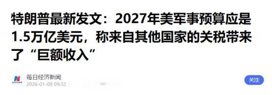 美国改口了 当地时间1月7日,特朗普公开发文表示:经过与参议员、众议员、部长和其他政治代表进行谈判。 他决定,为了国家的利益,尤其是在当前这个动荡不安、危机四伏的时期,2027年美国军事预算不应该是1万亿美元,而是1.5万亿美元。   特朗普嘴上说,这笔钱靠关税带来的巨额收入就能轻松覆盖,但事实根本不是这么回事。美国国会预算办公室早就算过账,未来11年关税能增加的收入也就2.5万亿美元,平均一年才2300亿。这点钱连新增的5000亿军费的零头都不够。   说白了,所谓的“关税支撑”就是个借口,美国宁愿背着越来越重的国债包袱,也要把钱砸在军事上,核心就是怕自己的霸权地位被撼动。   美国现在天天喊着“动荡不安”,可这世上多半的乱子,都是它自己搞出来的。俄乌冲突打了这么多年,美国又是递武器又是给援助,把欧洲直接拖进了军备竞赛的漩涡里。   2024年欧洲的军费直接涨了17%,创下了冷战后的新高。中东那边巴以冲突刚升级,美国就忙着派航母、送弹药,生怕局势降温。现在中东的军费也跟着涨了15%。   更别说美国在全球大概80个国家和地区,有将近800个军事基地。这些基地占了全球海外军事基地的85%,光是在日本就驻军5.5万人,韩国还有2.85万人。这些遍布全球的军事触角,天天在别人家门口晃悠,说白了就是靠武力维持自己制定的那些规则。   可现在这套玩法越来越不灵了。中俄等国的军事技术一直在突破,美国之前的技术代差优势越来越小。它急着把军费提到1.5万亿,就是想在高超音速导弹、导弹防御系统这些“改变游戏规则”的领域砸钱,重新拉开差距,继续用军事威慑逼着别人听话。   更关键的是,这笔天价军费背后,还有美国军工复合体的影子在作祟。雷神公司、洛克希德马丁这些军火商,早就和美国军方、政客绑在了一起,形成了盘根错节的利益集团。   之前美国2024年的预算案,就特意给军火商签了长期弹药采购合同。现在军费暴涨,受益最大的还是这些企业。特朗普之所以敢提这么离谱的预算,也离不开这些利益集团的支持。   毕竟军费越多,军火商赚得就越狠,反过来又能给政客提供更多政治资源,形成一个恶性循环。   而且对特朗普来说,提出这么个天价军费计划,还能拉拢国内的鹰派势力,讨好军方和军工集团,为自己的政治布局铺路,真是一举多得。所谓的“国家利益”,不过是个好听的幌子而已。   美国嘴里说的“危机四伏”,本质上就是它自己的霸权危机。这些年美国到处搞围堵打压,把中俄当成主要对手。它在亚太搞了个“太平洋威慑计划”,拨了91亿美元专门用来加强在太平洋的军事存在。   它还逼着北约盟友把军费提到GDP的5%以上,想形成对竞争对手的包围网。可事与愿违,你越搞对抗,别人就越要发展国防自保。2024年全球超过100个国家都增加了军费,全球军费已经连续十年增长,累计涨幅高达37%。   美国自己亲手点燃了军备竞赛的火苗,现在又觉得火势有点控制不住,只能靠再加码军费来“灭火”,最后陷入了“军费越高越不安全”的怪圈里。   大家都知道,美国现在的国债已经高得吓人,预算赤字占GDP的5.5%,早就超出了可持续的范围。把钱都砸在军事上,就意味着用来发展经济、改善民生的钱会越来越少。   可美国根本不管这些,在它眼里,军事霸权是一切的基础。只要军事实力够强,就能继续靠美元霸权收割全球财富,就能逼着其他国家接受它的规则。但历史早就证明,霸权从来不是靠堆军费堆出来的。   当年美国在伊拉克战争、阿富汗战争上花了8万亿美元,最后还不是落得个惨败的下场,浪费了无数财富和生命。现在美国还想走老路,靠1.5万亿天价军费维系霸权,其实就是在饮鸩止渴。   说白了,特朗普改口把军费提到1.5万亿,根本不是因为什么“动荡危机”。而是美国看清了自己的霸权正在松动,之前的威慑手段已经失效,只能靠砸钱来硬撑。   它想靠这支“梦想军队”继续在全球当“世界警察”,继续搞围堵打压,继续收割全球利益。但现在的世界早就不是美国一家说了算的时代了。你越搞军事扩张,越会引发更多国家的警惕和反抗。   军备竞赛只会让全球安全赤字越来越大,最后美国自己也会被拖进泥潭里。美国以为砸钱就能保住霸权,可它忘了,真正的安全从来不是靠武力威慑,而是靠平等相待、互利共赢。这条路要是一直走下去,最后只会搬起石头砸自己的脚。
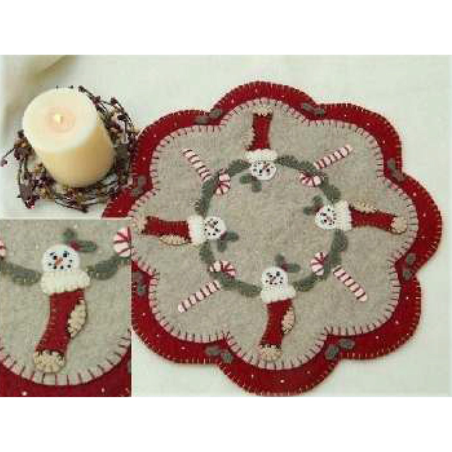 Adorable little snowgirls peek out of the tops of their Christmas stockings. Create this sweet candle mat pattern with wool felt or wool. It measures 13 inches and is sure to be a Christmas treasure for you or a special gift for someone you love!
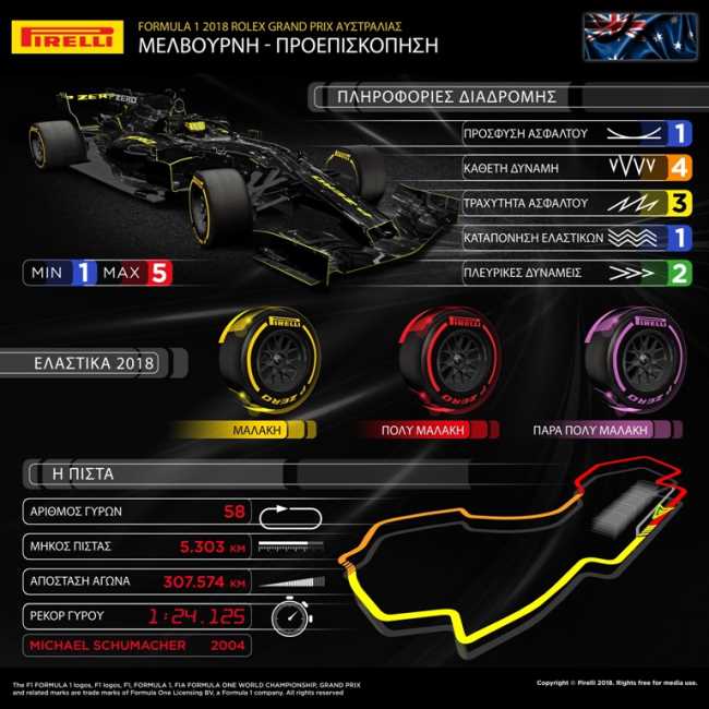 Η επιλογή γομών για το Αυστραλιανό Grand Prix είναι ίδια με την περσινή – μαλακή, πολύ μαλακή, πάρα πολύ μαλακή – όλες οι γόμες είναι ένα επίπεδο πιο μαλακές από τις αντίστοιχες περσινές. Οι φετινές πιο μαλακές γόμες έπαιξαν ρόλο και στη μεγάλη βελτίωση απόδοσης που καταγράφηκε στις δοκιμές εξέλιξης. Με νέα μονοθέσια, νέους οδηγούς, ευμετάβλητο καιρό και σημαντική βελτίωση στο κράτημα της πίστας κατά τη διάρκεια του τριημέρου, η Μελβούρνη είναι παραδοσιακά ένας από τους πιο απρόβλεπτους αγώνες της χρονιάς, που όλοι αδημονούν να γίνει.

┄┄┄┄┄┄┄┄┄┄┄┄┄┄┄┄┄┄┄┄

WORK ITEM :: Your answer should reproduce every line of the data verbatim and include no images.

FINISHED TASK ::
 美国改口了 当地时间1月7日,特朗普公开发文表示:经过与参议员、众议员、部长和其他政治代表进行谈判。 他决定,为了国家的利益,尤其是在当前这个动荡不安、危机四伏的时期,2027年美国军事预算不应该是1万亿美元,而是1.5万亿美元。   特朗普嘴上说,这笔钱靠关税带来的巨额收入就能轻松覆盖,但事实根本不是这么回事。美国国会预算办公室早就算过账,未来11年关税能增加的收入也就2.5万亿美元,平均一年才2300亿。这点钱连新增的5000亿军费的零头都不够。   说白了,所谓的“关税支撑”就是个借口,美国宁愿背着越来越重的国债包袱,也要把钱砸在军事上,核心就是怕自己的霸权地位被撼动。   美国现在天天喊着“动荡不安”,可这世上多半的乱子,都是它自己搞出来的。俄乌冲突打了这么多年,美国又是递武器又是给援助,把欧洲直接拖进了军备竞赛的漩涡里。   2024年欧洲的军费直接涨了17%,创下了冷战后的新高。中东那边巴以冲突刚升级,美国就忙着派航母、送弹药,生怕局势降温。现在中东的军费也跟着涨了15%。   更别说美国在全球大概80个国家和地区,有将近800个军事基地。这些基地占了全球海外军事基地的85%,光是在日本就驻军5.5万人,韩国还有2.85万人。这些遍布全球的军事触角,天天在别人家门口晃悠,说白了就是靠武力维持自己制定的那些规则。   可现在这套玩法越来越不灵了。中俄等国的军事技术一直在突破,美国之前的技术代差优势越来越小。它急着把军费提到1.5万亿,就是想在高超音速导弹、导弹防御系统这些“改变游戏规则”的领域砸钱,重新拉开差距,继续用军事威慑逼着别人听话。   更关键的是,这笔天价军费背后,还有美国军工复合体的影子在作祟。雷神公司、洛克希德马丁这些军火商,早就和美国军方、政客绑在了一起,形成了盘根错节的利益集团。   之前美国2024年的预算案,就特意给军火商签了长期弹药采购合同。现在军费暴涨,受益最大的还是这些企业。特朗普之所以敢提这么离谱的预算,也离不开这些利益集团的支持。   毕竟军费越多,军火商赚得就越狠,反过来又能给政客提供更多政治资源,形成一个恶性循环。   而且对特朗普来说,提出这么个天价军费计划,还能拉拢国内的鹰派势力,讨好军方和军工集团,为自己的政治布局铺路,真是一举多得。所谓的“国家利益”,不过是个好听的幌子而已。   美国嘴里说的“危机四伏”,本质上就是它自己的霸权危机。这些年美国到处搞围堵打压,把中俄当成主要对手。它在亚太搞了个“太平洋威慑计划”,拨了91亿美元专门用来加强在太平洋的军事存在。   它还逼着北约盟友把军费提到GDP的5%以上,想形成对竞争对手的包围网。可事与愿违,你越搞对抗,别人就越要发展国防自保。2024年全球超过100个国家都增加了军费,全球军费已经连续十年增长,累计涨幅高达37%。   美国自己亲手点燃了军备竞赛的火苗,现在又觉得火势有点控制不住,只能靠再加码军费来“灭火”,最后陷入了“军费越高越不安全”的怪圈里。   大家都知道,美国现在的国债已经高得吓人,预算赤字占GDP的5.5%,早就超出了可持续的范围。把钱都砸在军事上,就意味着用来发展经济、改善民生的钱会越来越少。   可美国根本不管这些,在它眼里,军事霸权是一切的基础。只要军事实力够强,就能继续靠美元霸权收割全球财富,就能逼着其他国家接受它的规则。但历史早就证明,霸权从来不是靠堆军费堆出来的。   当年美国在伊拉克战争、阿富汗战争上花了8万亿美元,最后还不是落得个惨败的下场,浪费了无数财富和生命。现在美国还想走老路,靠1.5万亿天价军费维系霸权,其实就是在饮鸩止渴。   说白了,特朗普改口把军费提到1.5万亿,根本不是因为什么“动荡危机”。而是美国看清了自己的霸权正在松动,之前的威慑手段已经失效,只能靠砸钱来硬撑。   它想靠这支“梦想军队”继续在全球当“世界警察”,继续搞围堵打压,继续收割全球利益。但现在的世界早就不是美国一家说了算的时代了。你越搞军事扩张,越会引发更多国家的警惕和反抗。   军备竞赛只会让全球安全赤字越来越大,最后美国自己也会被拖进泥潭里。美国以为砸钱就能保住霸权,可它忘了,真正的安全从来不是靠武力威慑,而是靠平等相待、互利共赢。这条路要是一直走下去,最后只会搬起石头砸自己的脚。
 Adorable little snowgirls peek out of the tops of their Christmas stockings. Create this sweet candle mat pattern with wool felt or wool. It measures 13 inches and is sure to be a Christmas treasure for you or a special gift for someone you love!
 Η επιλογή γομών για το Αυστραλιανό Grand Prix είναι ίδια με την περσινή – μαλακή, πολύ μαλακή, πάρα πολύ μαλακή – όλες οι γόμες είναι ένα επίπεδο πιο μαλακές από τις αντίστοιχες περσινές. Οι φετινές πιο μαλακές γόμες έπαιξαν ρόλο και στη μεγάλη βελτίωση απόδοσης που καταγράφηκε στις δοκιμές εξέλιξης. Με νέα μονοθέσια, νέους οδηγούς, ευμετάβλητο καιρό και σημαντική βελτίωση στο κράτημα της πίστας κατά τη διάρκεια του τριημέρου, η Μελβούρνη είναι παραδοσιακά ένας από τους πιο απρόβλεπτους αγώνες της χρονιάς, που όλοι αδημονούν να γίνει.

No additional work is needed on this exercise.